Items from a dataset:
————

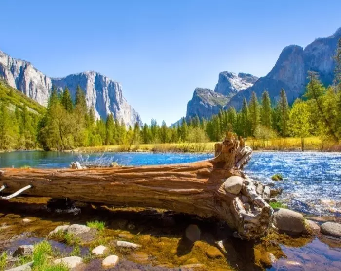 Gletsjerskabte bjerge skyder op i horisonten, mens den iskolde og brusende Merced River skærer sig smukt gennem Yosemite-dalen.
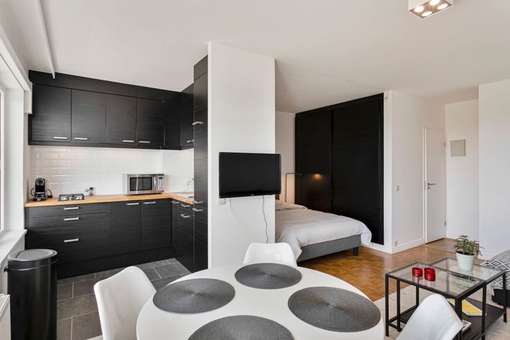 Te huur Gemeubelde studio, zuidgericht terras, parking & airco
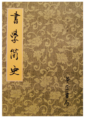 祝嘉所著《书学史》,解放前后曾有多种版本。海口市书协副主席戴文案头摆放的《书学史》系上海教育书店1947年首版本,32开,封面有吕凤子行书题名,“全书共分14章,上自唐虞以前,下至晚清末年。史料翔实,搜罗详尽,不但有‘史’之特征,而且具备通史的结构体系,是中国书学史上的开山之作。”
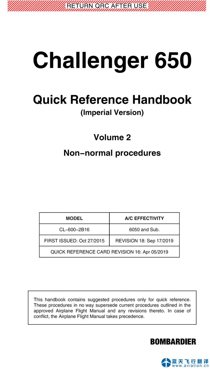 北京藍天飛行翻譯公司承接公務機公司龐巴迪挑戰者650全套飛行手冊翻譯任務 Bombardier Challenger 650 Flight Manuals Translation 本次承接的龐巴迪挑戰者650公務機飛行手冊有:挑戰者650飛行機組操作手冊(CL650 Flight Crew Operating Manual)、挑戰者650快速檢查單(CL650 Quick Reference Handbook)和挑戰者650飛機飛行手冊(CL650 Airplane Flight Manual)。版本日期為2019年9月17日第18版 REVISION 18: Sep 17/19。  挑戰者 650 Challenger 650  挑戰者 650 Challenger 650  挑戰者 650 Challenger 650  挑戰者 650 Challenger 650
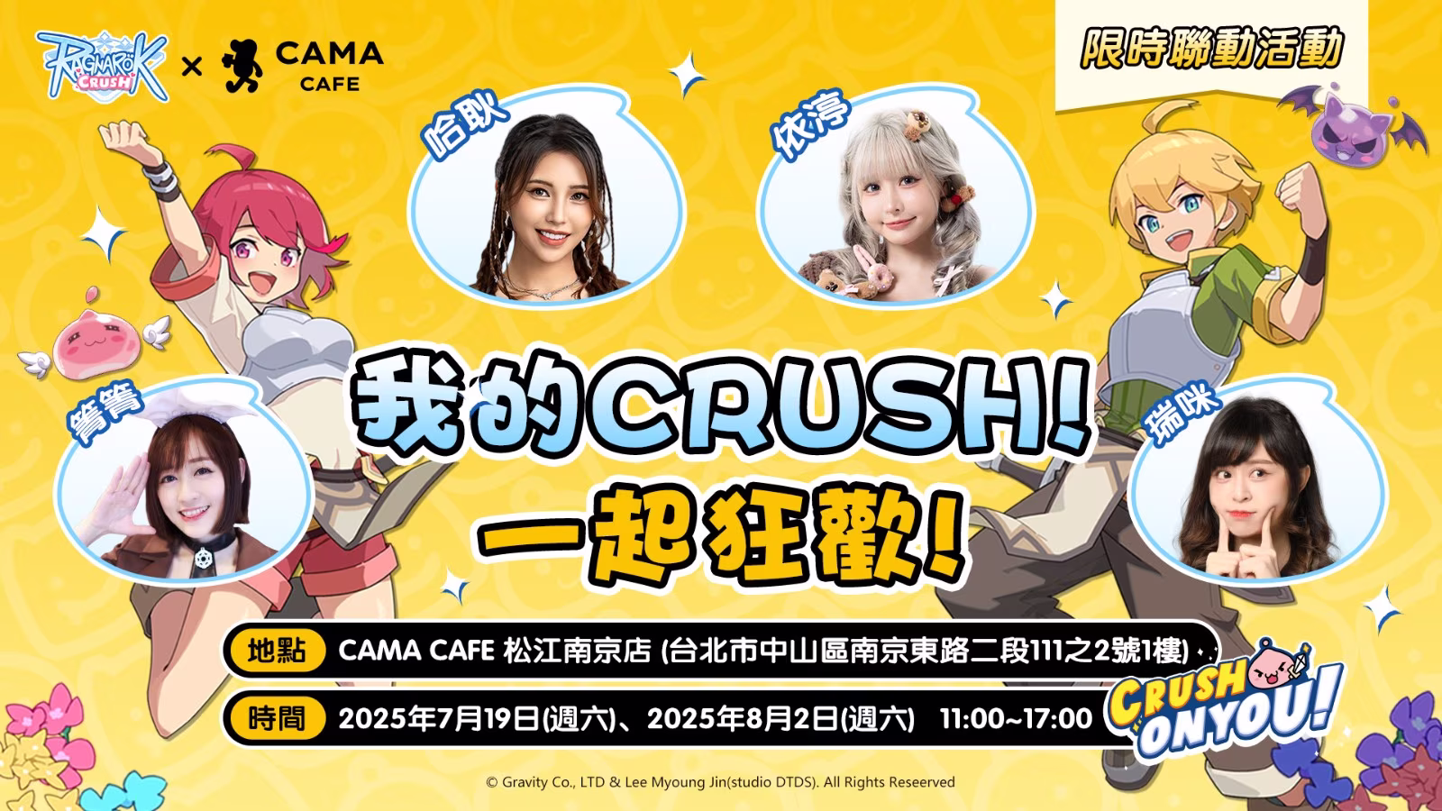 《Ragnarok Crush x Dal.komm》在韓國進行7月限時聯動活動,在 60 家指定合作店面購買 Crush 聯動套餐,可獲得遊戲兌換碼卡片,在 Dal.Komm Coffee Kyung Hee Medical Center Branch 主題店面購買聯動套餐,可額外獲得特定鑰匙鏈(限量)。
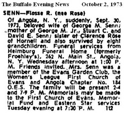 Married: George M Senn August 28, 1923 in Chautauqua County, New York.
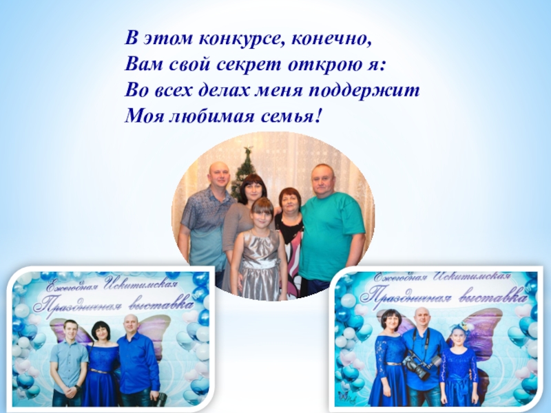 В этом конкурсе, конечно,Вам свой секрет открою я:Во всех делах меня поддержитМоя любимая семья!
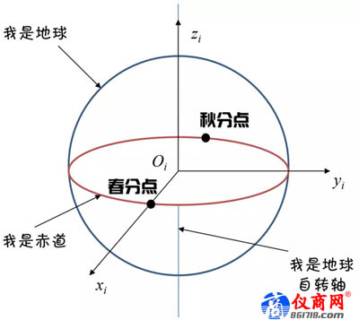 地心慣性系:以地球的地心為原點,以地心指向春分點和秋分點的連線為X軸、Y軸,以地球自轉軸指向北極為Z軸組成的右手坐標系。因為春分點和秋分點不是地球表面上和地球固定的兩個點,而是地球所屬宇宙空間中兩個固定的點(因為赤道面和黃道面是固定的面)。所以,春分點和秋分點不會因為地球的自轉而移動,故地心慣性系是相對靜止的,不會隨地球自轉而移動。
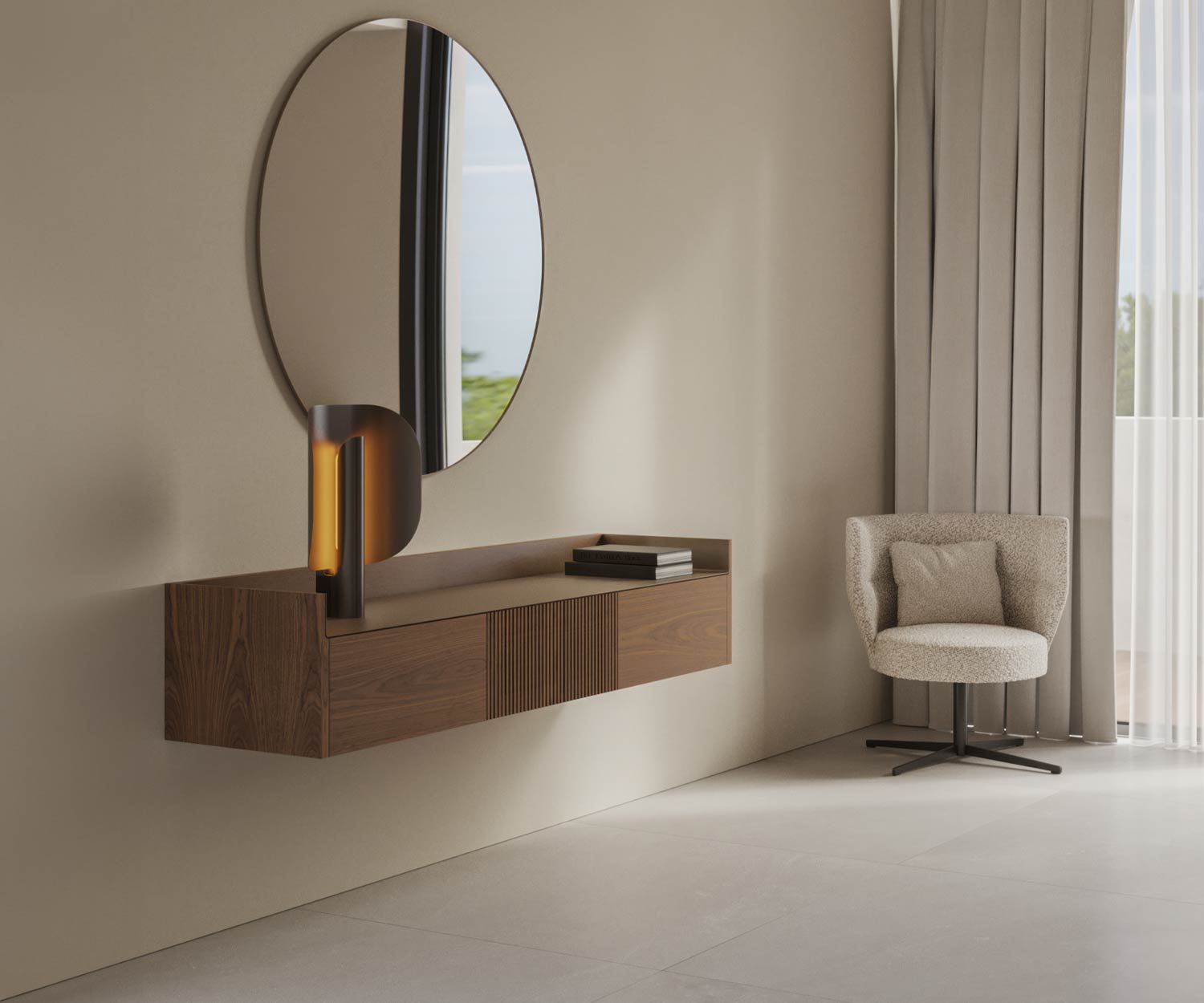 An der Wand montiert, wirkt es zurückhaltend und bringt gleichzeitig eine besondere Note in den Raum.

————

§ Your goal: Give the records again exactly, without pictures.

§ Answer for this exercise:
 Gletsjerskabte bjerge skyder op i horisonten, mens den iskolde og brusende Merced River skærer sig smukt gennem Yosemite-dalen.
 Te huur Gemeubelde studio, zuidgericht terras, parking & airco
 祝嘉所著《书学史》,解放前后曾有多种版本。海口市书协副主席戴文案头摆放的《书学史》系上海教育书店1947年首版本,32开,封面有吕凤子行书题名,“全书共分14章,上自唐虞以前,下至晚清末年。史料翔实,搜罗详尽,不但有‘史’之特征,而且具备通史的结构体系,是中国书学史上的开山之作。”
 北京藍天飛行翻譯公司承接公務機公司龐巴迪挑戰者650全套飛行手冊翻譯任務 Bombardier Challenger 650 Flight Manuals Translation 本次承接的龐巴迪挑戰者650公務機飛行手冊有:挑戰者650飛行機組操作手冊(CL650 Flight Crew Operating Manual)、挑戰者650快速檢查單(CL650 Quick Reference Handbook)和挑戰者650飛機飛行手冊(CL650 Airplane Flight Manual)。版本日期為2019年9月17日第18版 REVISION 18: Sep 17/19。  挑戰者 650 Challenger 650  挑戰者 650 Challenger 650  挑戰者 650 Challenger 650  挑戰者 650 Challenger 650
 《Ragnarok Crush x Dal.komm》在韓國進行7月限時聯動活動,在 60 家指定合作店面購買 Crush 聯動套餐,可獲得遊戲兌換碼卡片,在 Dal.Komm Coffee Kyung Hee Medical Center Branch 主題店面購買聯動套餐,可額外獲得特定鑰匙鏈(限量)。
 Married: George M Senn August 28, 1923 in Chautauqua County, New York.
 В этом конкурсе, конечно,Вам свой секрет открою я:Во всех делах меня поддержитМоя любимая семья!
 地心慣性系:以地球的地心為原點,以地心指向春分點和秋分點的連線為X軸、Y軸,以地球自轉軸指向北極為Z軸組成的右手坐標系。因為春分點和秋分點不是地球表面上和地球固定的兩個點,而是地球所屬宇宙空間中兩個固定的點(因為赤道面和黃道面是固定的面)。所以,春分點和秋分點不會因為地球的自轉而移動,故地心慣性系是相對靜止的,不會隨地球自轉而移動。
 An der Wand montiert, wirkt es zurückhaltend und bringt gleichzeitig eine besondere Note in den Raum.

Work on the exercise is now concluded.